# MATERIAL PROVIDED:
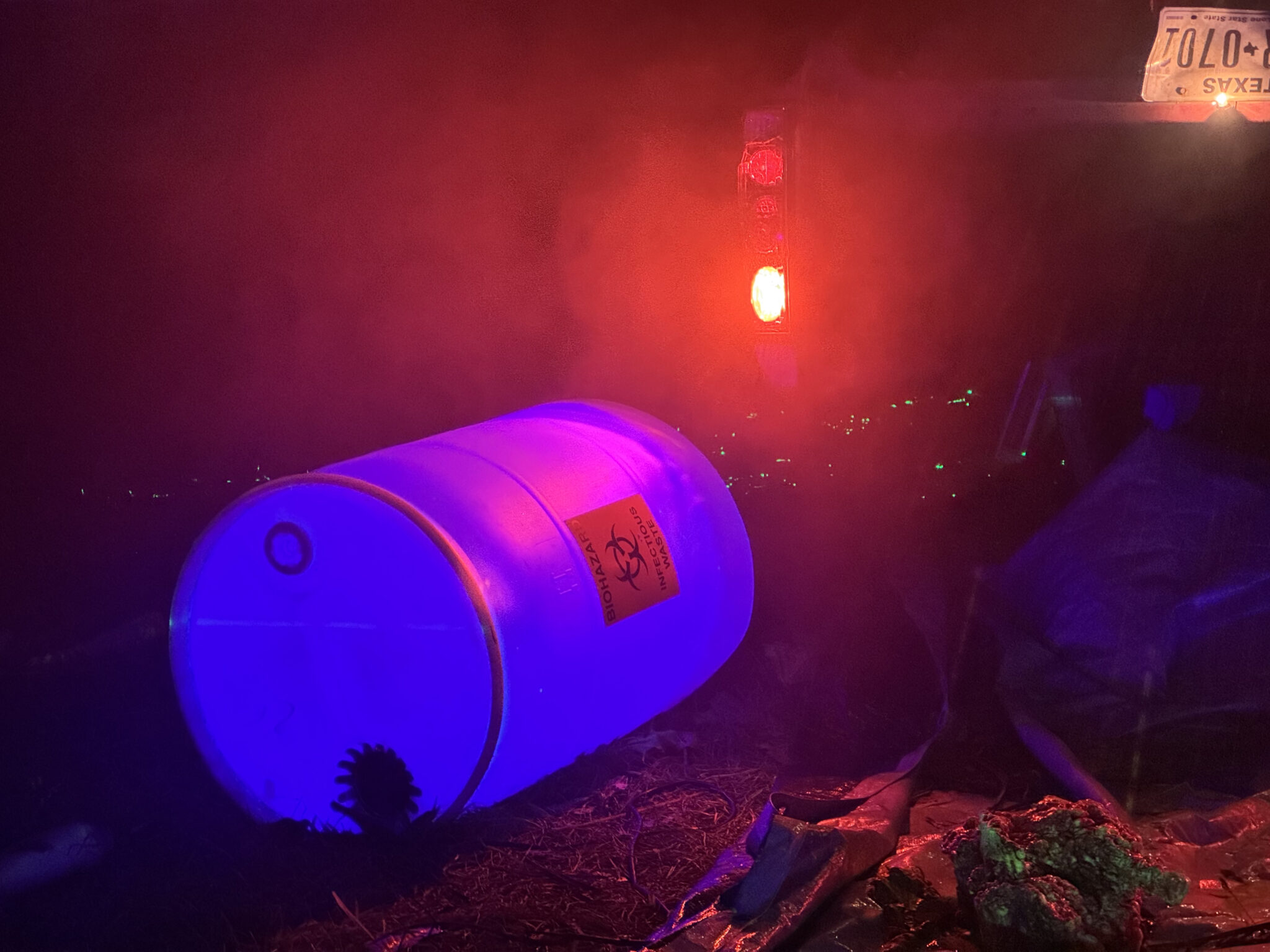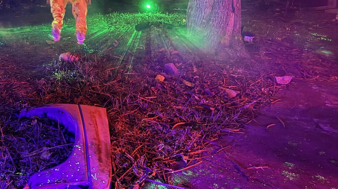 Steven Novak, an amateur artist and engineer, has put together an elaborate display of a zombie car crash for the Halloween season. The display of his zombies nicknamed after The Three Stooges is located at 1414 Lansford Avenue. Here are some scenes from the yard.
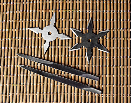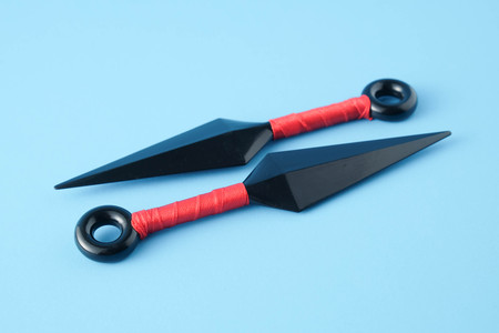 To throw ninja weapons isolated on blue paper background
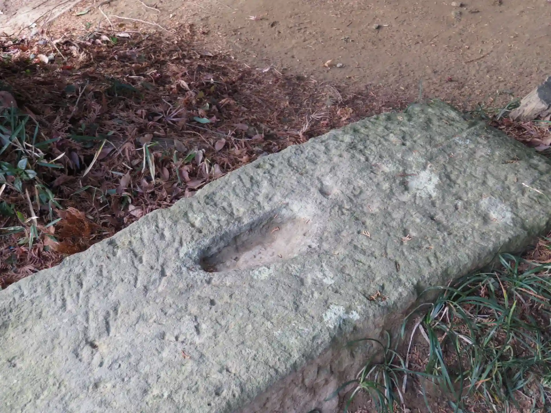 一の鳥居横に窪みのある石がありました
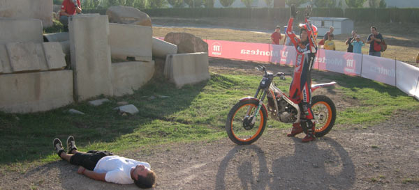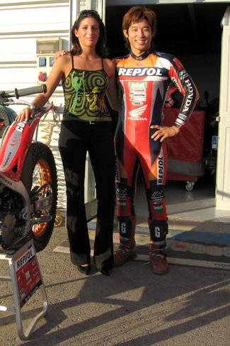 Takahisa Fujinami, a pesar de estar inmerso en la recta final del campeonato del mundo open de trial, no dudó ni un momento en pasar un rato con esta gran familia de asociados de Montesa-Honda S.A.
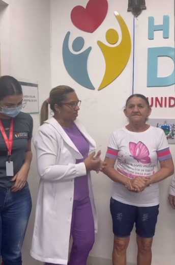 Moradora da zona rural de Santana dos Garrotes, do Sítio Maracujá de Baixo, a agricultora, desde 2019, se tratava no Hospital do Bem. Ela descobriu a doença após sofrer com hemorragias recorrentes. “Fui ao médico, ele pediu exames e identificou a doença. Pouco tempo depois eu fiz a histerectomia total e, logo em seguida, comecei o tratamento no Hospital do Bem, local que tão bem me atendeu, que tem uma equipe maravilhosa e é muito organizado. A eles, e a Deus eu devo minha cura”, afirmou ela.
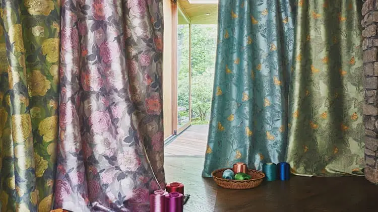 様々な薔薇が寄り添い揺れ、たなびくように構成しました。たっぷりとしたふくらみのある幾重にも花弁が重なった薔薇の花を、刺繍のように緻密で入り組んだ、変化に富んだヨコ糸組織で表現しています。空気や水の流れの揺らぎを背景にデザインしています。(画像はSH9772+SH9773)
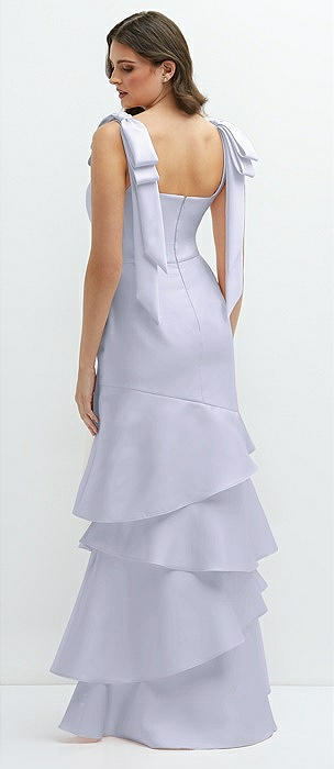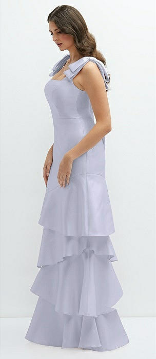 Bow-Shoulder Satin Maxi Dress with Asymmetrical Tiered Skirt in silver dove

# THE PROBLEM:
None of the images should be copied, but every entry must be given again exactly.

# REPLY:
 Steven Novak, an amateur artist and engineer, has put together an elaborate display of a zombie car crash for the Halloween season. The display of his zombies nicknamed after The Three Stooges is located at 1414 Lansford Avenue. Here are some scenes from the yard.
 To throw ninja weapons isolated on blue paper background
 一の鳥居横に窪みのある石がありました
 Takahisa Fujinami, a pesar de estar inmerso en la recta final del campeonato del mundo open de trial, no dudó ni un momento en pasar un rato con esta gran familia de asociados de Montesa-Honda S.A.
 Moradora da zona rural de Santana dos Garrotes, do Sítio Maracujá de Baixo, a agricultora, desde 2019, se tratava no Hospital do Bem. Ela descobriu a doença após sofrer com hemorragias recorrentes. “Fui ao médico, ele pediu exames e identificou a doença. Pouco tempo depois eu fiz a histerectomia total e, logo em seguida, comecei o tratamento no Hospital do Bem, local que tão bem me atendeu, que tem uma equipe maravilhosa e é muito organizado. A eles, e a Deus eu devo minha cura”, afirmou ela.
 様々な薔薇が寄り添い揺れ、たなびくように構成しました。たっぷりとしたふくらみのある幾重にも花弁が重なった薔薇の花を、刺繍のように緻密で入り組んだ、変化に富んだヨコ糸組織で表現しています。空気や水の流れの揺らぎを背景にデザインしています。(画像はSH9772+SH9773)
 Bow-Shoulder Satin Maxi Dress with Asymmetrical Tiered Skirt in silver dove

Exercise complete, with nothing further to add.